Американец помолчал, губы его стали жестки.
- Словом, я не советую брать эту нарядную ошибку за стандарт. Конечно, это ошибка юности, за нее все мы дорого платим. Мне пятьдесят, пылкая юность моя, пожалуй, кончилась, а я только теперь начинаю умнеть. Юность всегда расточительна, но и при этом условии вы идете гигантскими шагами. Пока у вас только Кентукки, но лет через пятьдесят у вас будет уже свой Бостон... Что вы хотели сказать?
- Да, - в бешенстве откликнулся Скутаревский; в конце концов, речь шла о его цеховом инженерском достоинстве. - Насколько я понял, вы были инженером?
- О, и я любил это дело... но, под давлением некоторых обстоятельств, был вынужден изменить свою профессию.
- Можно уточнить, за что вас удалили из любимого дела? Вы были плохим инженером... или... что-нибудь посложнее?
- Это безработица, мистер Скутаревский.
- Это и вынудило вас заняться журналистикой?
Тот сделал вид, что не расслышал вопроса.
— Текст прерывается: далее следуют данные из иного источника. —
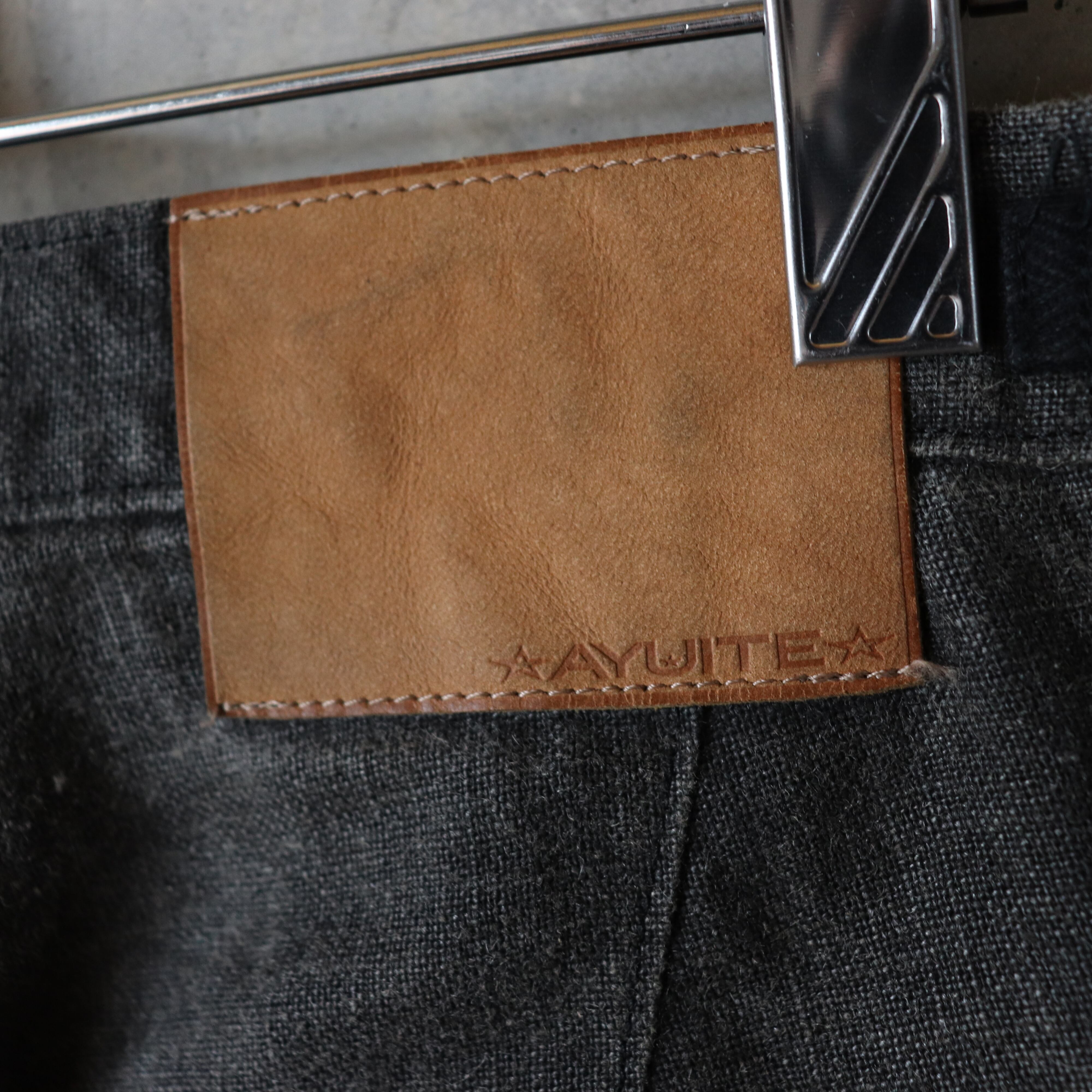ナチュラルな風合いと武骨なディテールが魅力のAYUITEリネンカーゴパンツ。
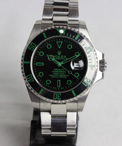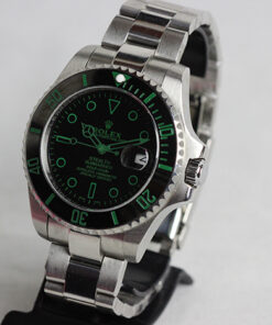 Replica de Relogio Rolex Stealth Submariner, com design elegante, este relógio é perfeito para todos os looks,caixa em aço, mostrador preto com detalhes verde, pulseira em aço, funcionamento automático (Citizen), vedado á prova de água fria.
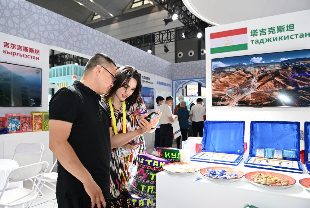 ▲2025年5月21日,在第九届丝绸之路国际博览会暨中国东西部合作与投资贸易洽谈会丝路优品展上,参观者了解塔吉克斯坦商品。
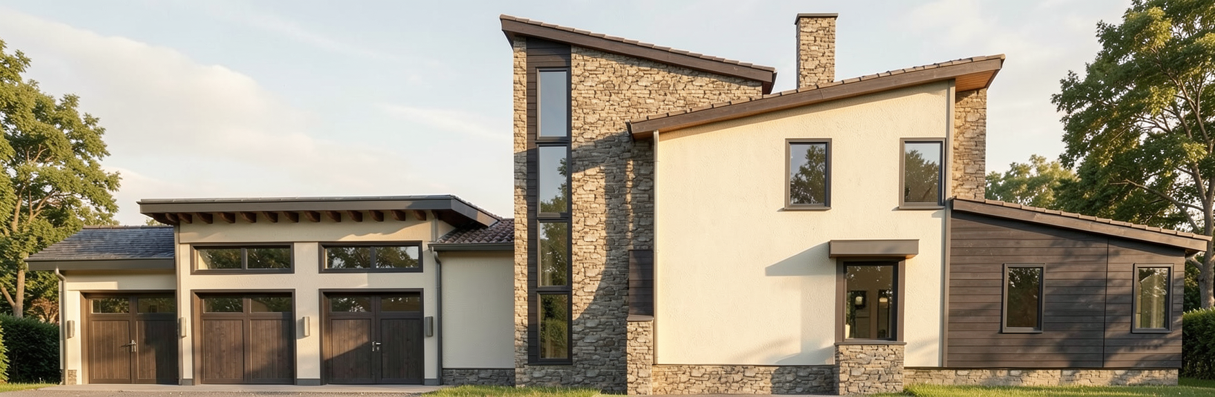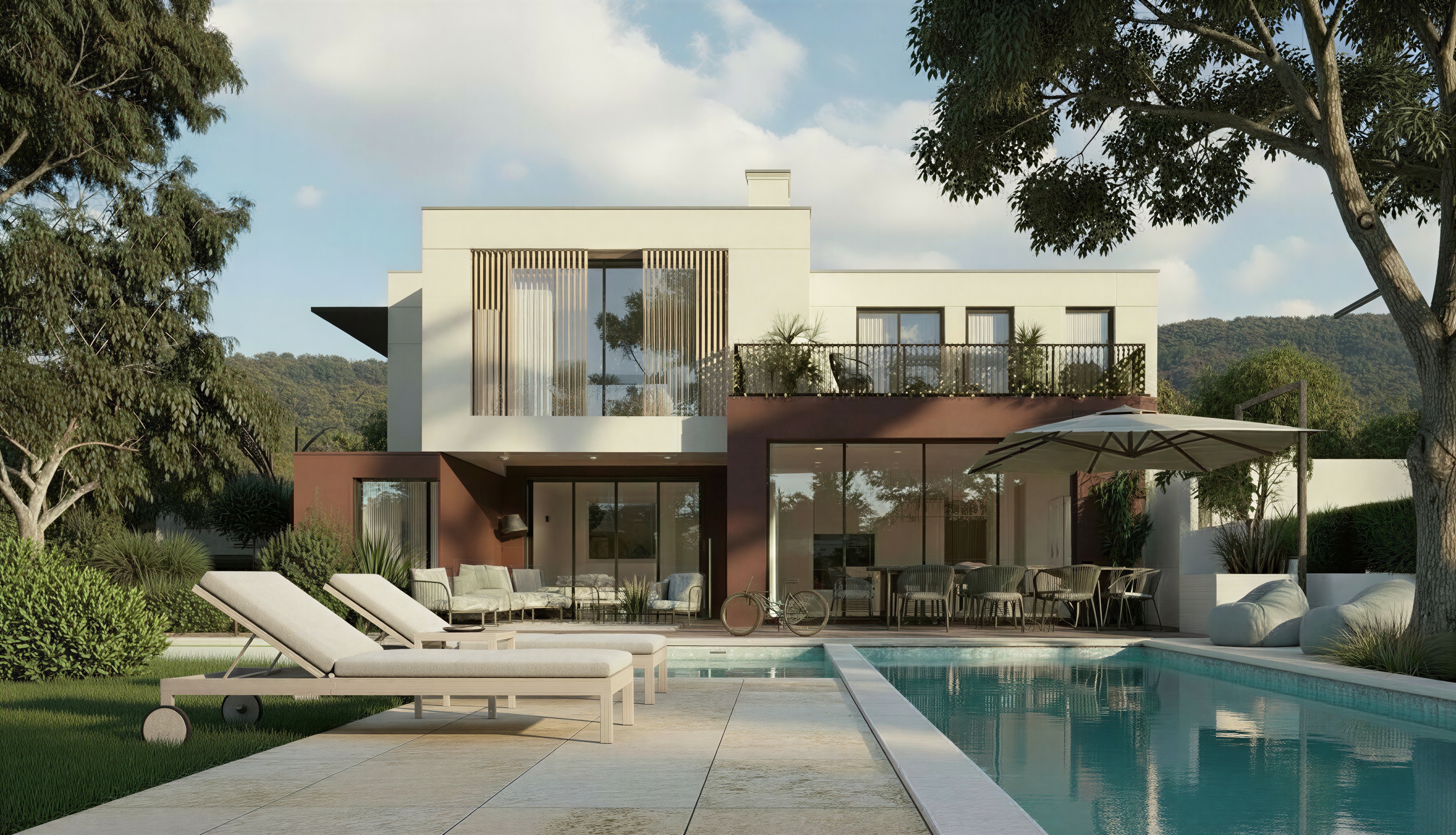 a modern luxury villa with a minimalist design featuring a two story structure the walls are a combination of warm beige and rich terracotta accented with large glass windows in the foreground a pristine swimming pool shines with a clear vibrant blue the surrounding garden is lush with deep green grass and well manicured bushes tall trees with rich green foliage frame the scene casting gentle shadows the sky is a soft a bit orange with fluffy white clouds creating a serene and peaceful atmosphere the overall mood is tranquil and sophisticated encapsulating modern elegance

- И все-таки Россия сейчас самая любопытная часть вселенной. - Он вежливо протянул своему спутнику мятую пачку сигарет: - Курите!.. Кстати, почему у вас так много говорят по любому поводу?
Скутаревский дрожащими пальцами перематывал рулоны самопишущих приборов, которые подоспевший техник сунул ему в руки. Они волочились по полу, ленты ябедной, разграфленной бумаги, а он не видел ничего, кроме нечеткой, волнистой линии, фосфоресцирующей на темноте. Гость выдул часы и вдруг заторопился; он снисходительно объяснил, что имеет только полгода на беглый осмотр всех чудес этой неслыханной страны. Черимов вовремя отошел в сторону. Кунаев сказал г у д-б а й, все, что он знал по-английски, неуклюже, зато от души. Скутаревский молча поклонился гостю и повернулся спиной. Вещество его чадило и клокотало; ему было стыдно за сына, и сжимались кулаки на Петрыгина, через которого проходил проект и которого уже давно он разглядывал с враждебным вниманьем. Он испытывал жажду, зуд в руках, потребность в ругани и стал спускаться вниз.
- Ну, что он сказал? - догнал его Кунаев.